Nothing but an exact copy is asked for: the lines in the material below from the one with "Fabric features an" through the one with "Projects也是通过Da", pictures excluded.

────────────────

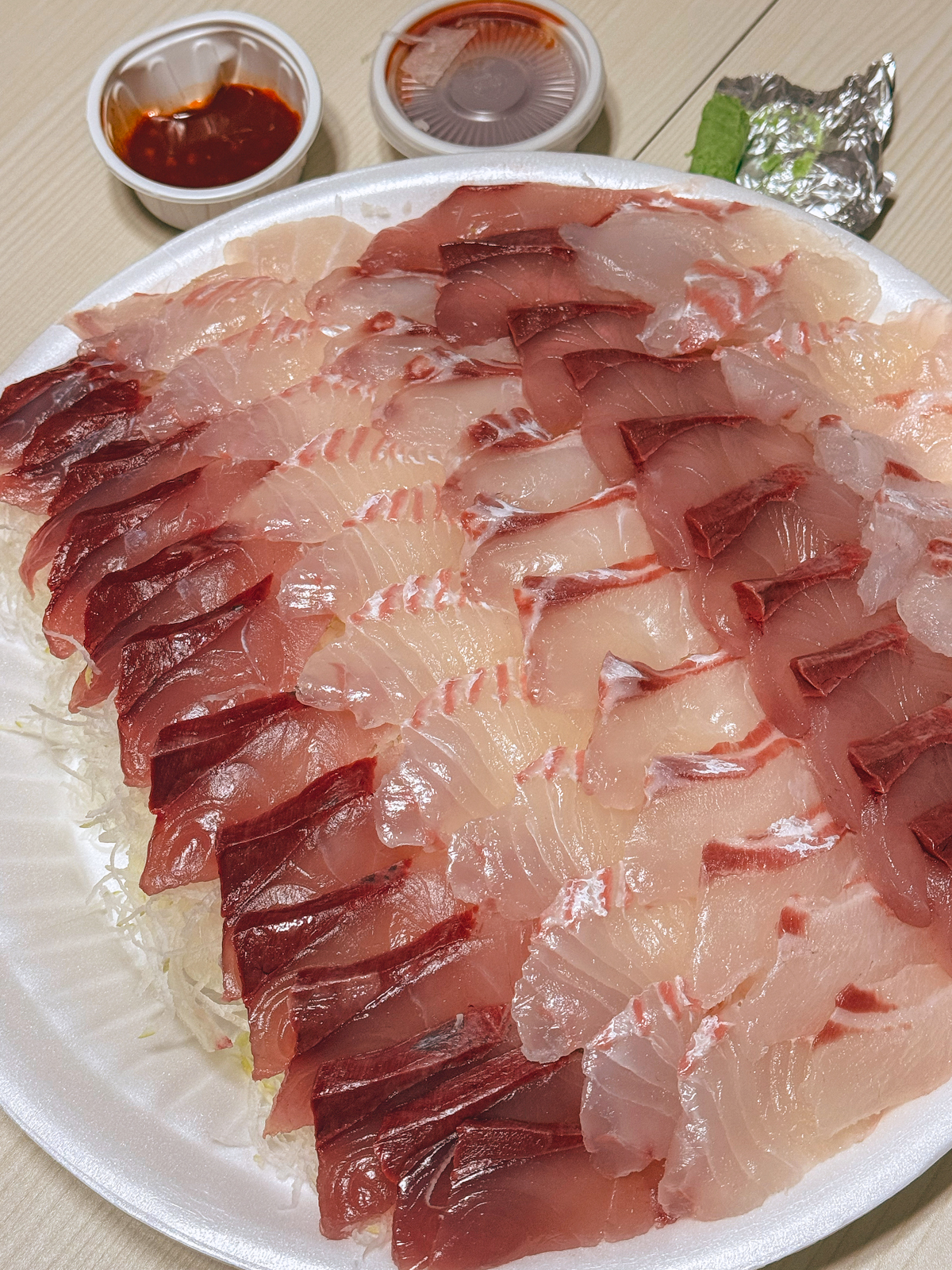 이곳에 방문했던 날에는 방어회, 참돔회, 광어회로 구성된 일반 모듬회로 3~4명이 함께 먹기 좋은 대 자를 포장했고 가격은 45,000원이었다.
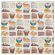 Fabric features an original illustration of an assortment of desserts popular in the American South. These include: coconut cake, banana pudding, ambrosia, sweet potato pie, pecan pie, chess pie, Mississippi mud pie, butterscotch pudding, hummingbird cake, red velvet cake, and peach cobbler. Ideal for your favourite foodie.
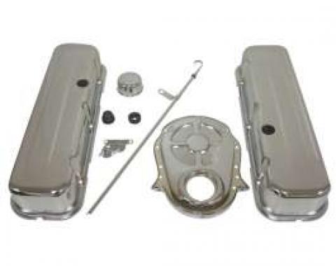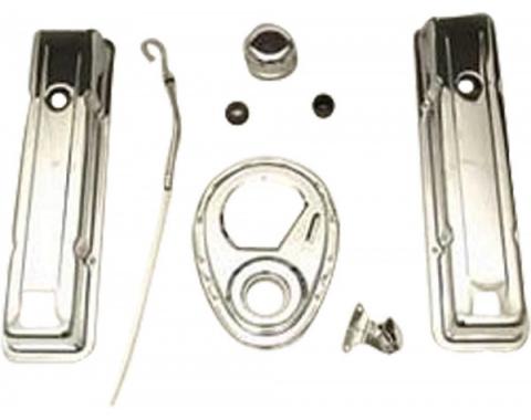 Maximum bang for your buck describes this very popular and economical small block engine dress-up kit. It includes the following shiny chrome plated parts: valve covers, timing chain cover, timing tab, breather cap (for valve cover)…
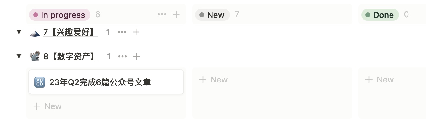 Projects也是通过Database组织的,并且按照Areas和Status进行分组。如上图是一个Q2公众号写作的Project,这个是基于自己写作的年度OKR拆解下来的(其他Projects偏私人化就没截图)。
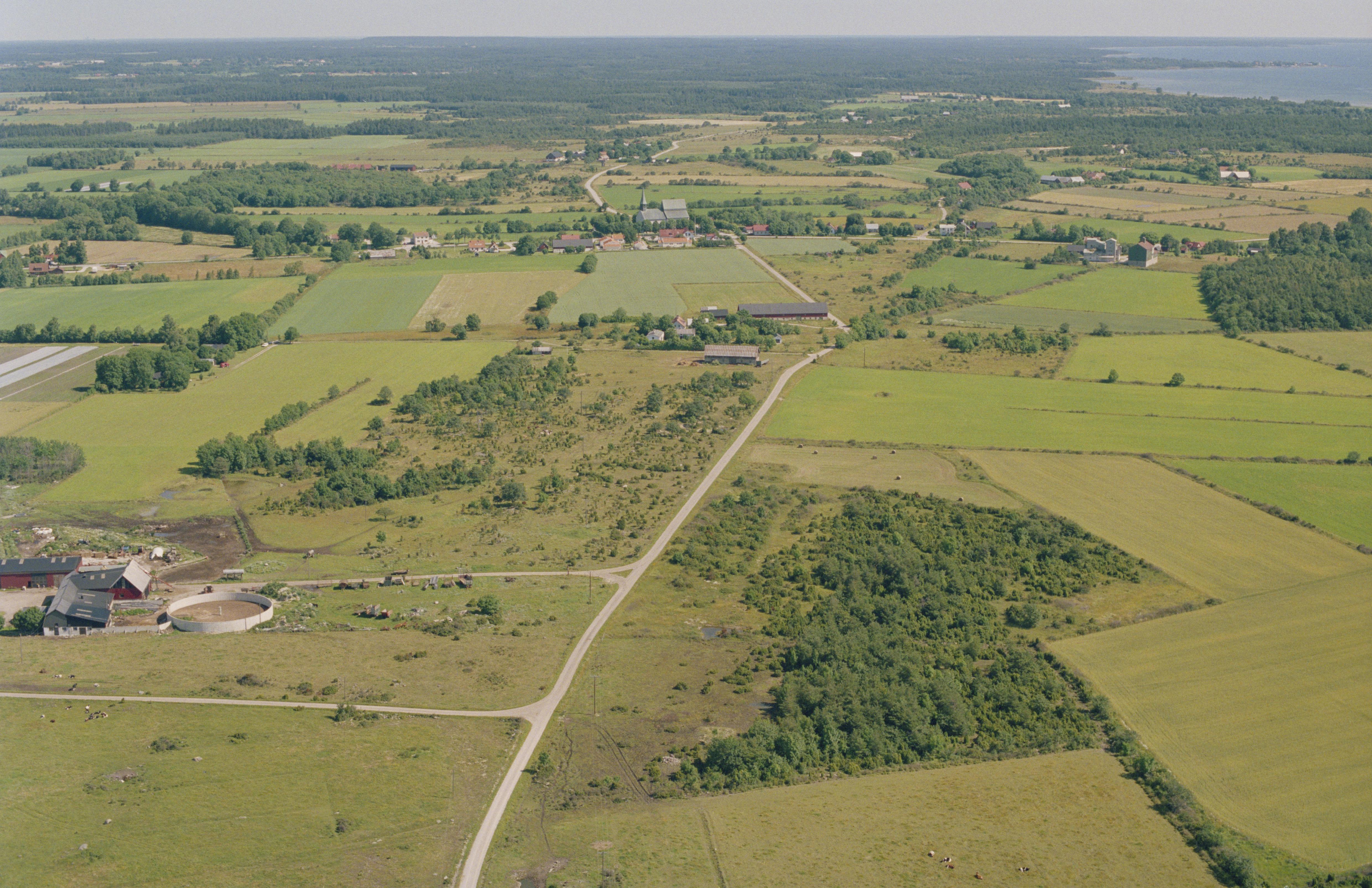 Beskrivning: Området Lausbackar. Till vänster i bildens nedre del gravfält RAÄnr Lau 7:1, stensättningar Lau 108:1-3 m.m. i området Gannor. Lau kyrka och kyrkby i bildens övre del. Bilden är tagen mot (väderstreck): NO
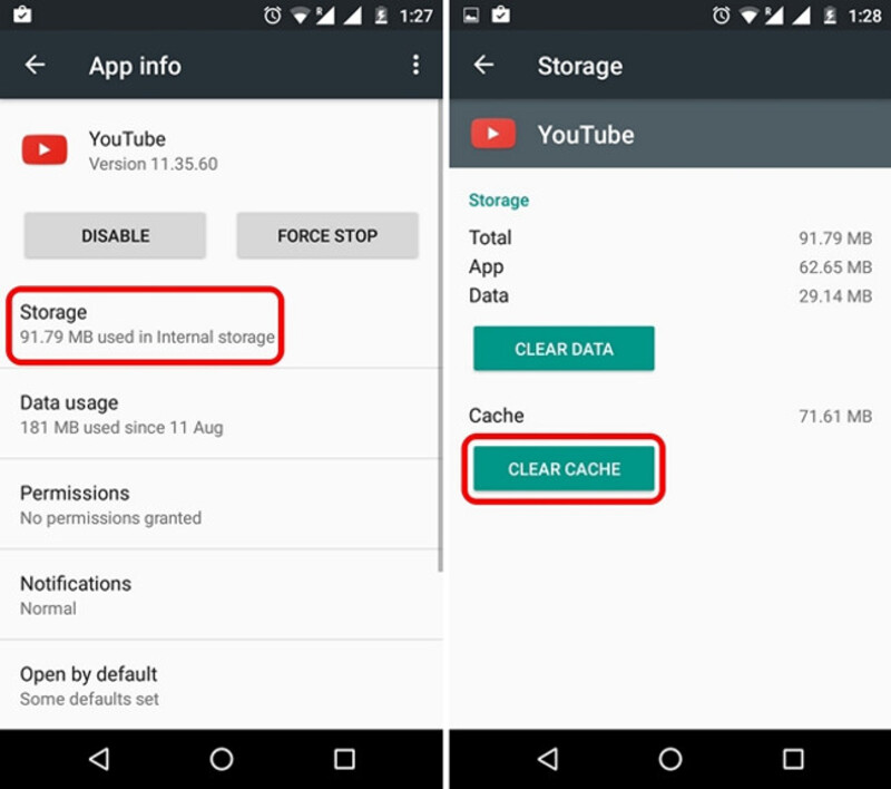 2.3 Hãy thao tác xóa bộ nhớ cache của ứng dụng YouTube:
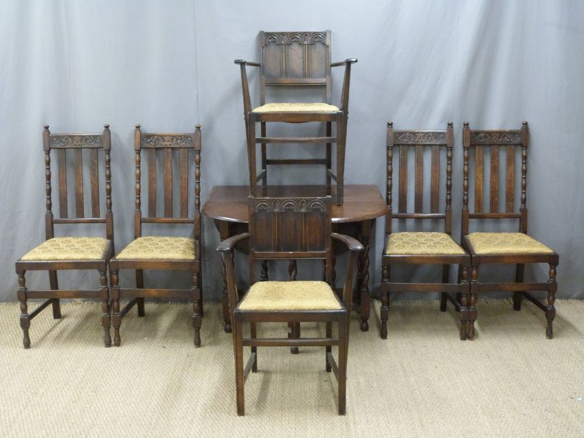 Six carved oak dining chairs and similar table with barley twist legs, length 91cm

────────────────

Answer below:
 Fabric features an original illustration of an assortment of desserts popular in the American South. These include: coconut cake, banana pudding, ambrosia, sweet potato pie, pecan pie, chess pie, Mississippi mud pie, butterscotch pudding, hummingbird cake, red velvet cake, and peach cobbler. Ideal for your favourite foodie.
 Maximum bang for your buck describes this very popular and economical small block engine dress-up kit. It includes the following shiny chrome plated parts: valve covers, timing chain cover, timing tab, breather cap (for valve cover)…
 Projects也是通过Database组织的,并且按照Areas和Status进行分组。如上图是一个Q2公众号写作的Project,这个是基于自己写作的年度OKR拆解下来的(其他Projects偏私人化就没截图)。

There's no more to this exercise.